Tuesday, January 28, 2014

Austen-tacious tea at Troy Public Library: Chilly temperatures not so important

Beautiful poster of the event from Troy Library

 In John Mullen's book, "What Matters in Jane Austen?:  Twenty Crucial Puzzles Solved", Chapter 7 asks the question, "Why is weather important?" Although Mullan is directing this inquiry to the plot lines of Austen's novels, we saw applicability to the weather's importance with regards to a  Jane Austen tea talk - specifically this past Sunday as Barb's TEA Shop presented "An Austen-tacious Tea" at the Troy Public Library. With single digit temperatures and a threat of another snowfall this weekend, we wondered how many would venture out for tea and Austen. I'm happy to report, the library room was full and, at the end of the presentation, our teapots were depleted!

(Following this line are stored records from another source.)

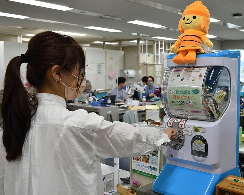 カプセルトイ型「緑の募金」が高槻市役所に登場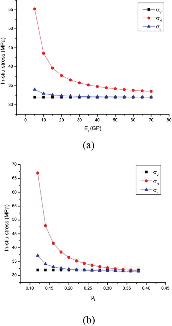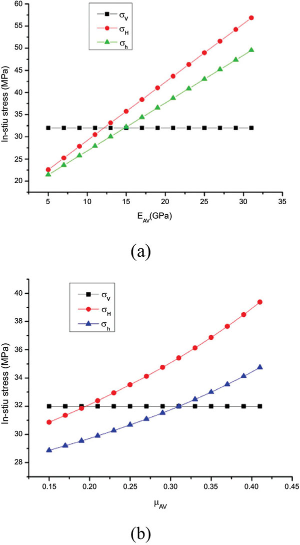 With the increased elastic modulus of parallel vertical bedding direction, the in-situ stress of two horizontal directions was decreasing exponentially and the decrease rate of the minimum horizontal geostress was bigger, as shown in Fig. (4a). With the Poisson's ratio increased, the geostress of the two horizontal direction was increased linearly, the growth rate of two horizontal geostress is similar as shown in Fig. (4b).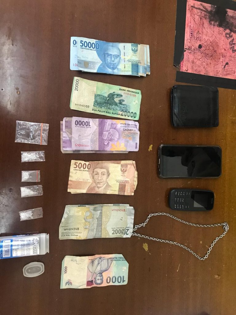 Adapun barang bukti yang disita dari para Tersangka 1 (satu) Buah Botol Plastik Permen Happydent warna putih berisi 1 (satu) bungkus plastik transparan klip merah yang didalamnya terdapat 4 (empat) paket/bungkus plastik transparan yang diduga berisikan narkotika jenis shabu dengan berat keseluruhan seberat 1,94 (satu koma Sembilan empat gram bruto )

Almost ready to start as guests finish up in the tea line
We were thrilled to see such a great turnout on a chilly afternoon. Upon arrival, guests hung their coats on the back of their chairs and lined up for some hot and inviting Twinings tea (Jane's favorite!). Rachel (my daughter and business partner) served up the tea and after checking out the variety of tea cups attendees brought, I began the presentation.

Rachel serves guest Twining tea, Jane's favorite!
We touched upon Regency period influences, Austen residences, characters in her novels and even some Downton Abbey tie-ins. We covered a couple centuries in sixty minutes and, as always, the time travel goes by in warp speed. A great time with a delightful group of folks.

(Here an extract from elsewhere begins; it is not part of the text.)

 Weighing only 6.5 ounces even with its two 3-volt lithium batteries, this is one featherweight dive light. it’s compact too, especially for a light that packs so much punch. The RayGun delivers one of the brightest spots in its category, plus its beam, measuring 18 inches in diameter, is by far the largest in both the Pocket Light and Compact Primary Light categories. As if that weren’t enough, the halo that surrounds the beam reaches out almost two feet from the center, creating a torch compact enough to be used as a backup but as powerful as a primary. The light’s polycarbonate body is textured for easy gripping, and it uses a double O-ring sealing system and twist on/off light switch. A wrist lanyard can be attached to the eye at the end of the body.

Our thanks to all who attended as well as Cassandra S., Librarian at TPL, who invited us to present this fun event.

Sunday, January 5, 2014

Lord and Ladies get ready for the premier of Downton Abbey, Season Four

Ringing for Carson to serve tea during DA, Season 4
The countdown to Downton has begun! Tonight, the premiere of Downton Abbey, Season 4, debuts at 9:00 pm.  I shall join Lord Gulley in our drawing room this evening, seated comfortably between the fireplace and the flat screen TV, and ring Carson for a cup of tea. Months in anticipation, I am ready to rejoin the Crawfords as they once again meet life's challenges as the one-percenters of the Edwardian era.

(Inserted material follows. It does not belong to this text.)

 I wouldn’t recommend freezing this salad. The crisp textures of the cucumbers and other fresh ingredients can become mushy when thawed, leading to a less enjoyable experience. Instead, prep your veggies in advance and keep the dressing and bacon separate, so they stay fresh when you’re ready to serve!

Although fictional characters, they are as real to me as my own Lord Gulley, who, as of this month, may be truly addressed as "Lord" or "Laird", thanks to a Christmas gift of a small plot of land in Scotland, courtesy Highland Titles. (He may also be referred to as "The Much Honoured Gulley, Lord of Glencoe")

And, while we're talking Christmas gifts, I was the recipient of some wonderful DA-themed presents this year. I received the two books in the "Real Downton Abbey" series, written by the current Lady Carnarvon. The first is about Lady Alamina, who married the 5th Earl of Carnarvon and is the inspiration for the Downton Abbey family. (Much of the DA "upstairs" is filmed at the Carnarvon's estate, Highclere Castle.)

Lord Gulley , as estate owner, can empathize with Lord Grantham
The second book continues the family saga to the next generation, focusing on Lady Catherine who married Lady Alamina's son.  I have read the first one and enjoyed it greatly. It provides some interesting tidbits to the real-life aristocracy, however, be prepared for a lot of World War I history. The second half of the book spends a significant amount of time on the subject.

These books were a gift from my brother and sister-in-law and also came with a DA Christmas tree ornament that is pull bell, modeled after one in the servant's hall. I chose to mount this on my own front foyer wall and will ring for tea when necessary.

Another DA-inspired gift came from my other brother, Glenn, another family member who supports my addiction to this show.  This was a book, too, although, on the other end of the spectrum from real-life lords and ladies to an absurd, but hilarious parody, in the feline personification of the Crawley brood, entitled "Downton Tabby".

Studying up with DA books, from real-life lords to funny fat cats
Downton Tabby has all the silly things you might expect from a group of cats dressed in Edwardian garb with names like "Catson" for the head butler and "Tom 'Cat' Blarney", as the "chau-fur", but it also elicits some high-end wit with its insightful comparisons to the aristocracy and the lives of cats. Some of the basics for both groups:  "never do anything for yourself that someone else can do for you, get fed, groom, sleep, groom and, finally, loaf in a decorative chair in a highly charming manner."

My favorite page in Downton Tabby, however, is the diagram for the proper table setting. It includes not only a napkin and place card, but a stoat fork, vole fork, mouse knife, hair plate, four glasses for milk and one milk goblet. A tablescape that would make even  Grumpy Cat smile.

With my Downton Abbey collection close by and a warm cup of tea in hand,  the Lord Gulley and I will tune it at 9:00 pm to watch our favorite Masterpiece Theater drama begin its fourth season. It is how we will conclude our week-end, whatever that may be!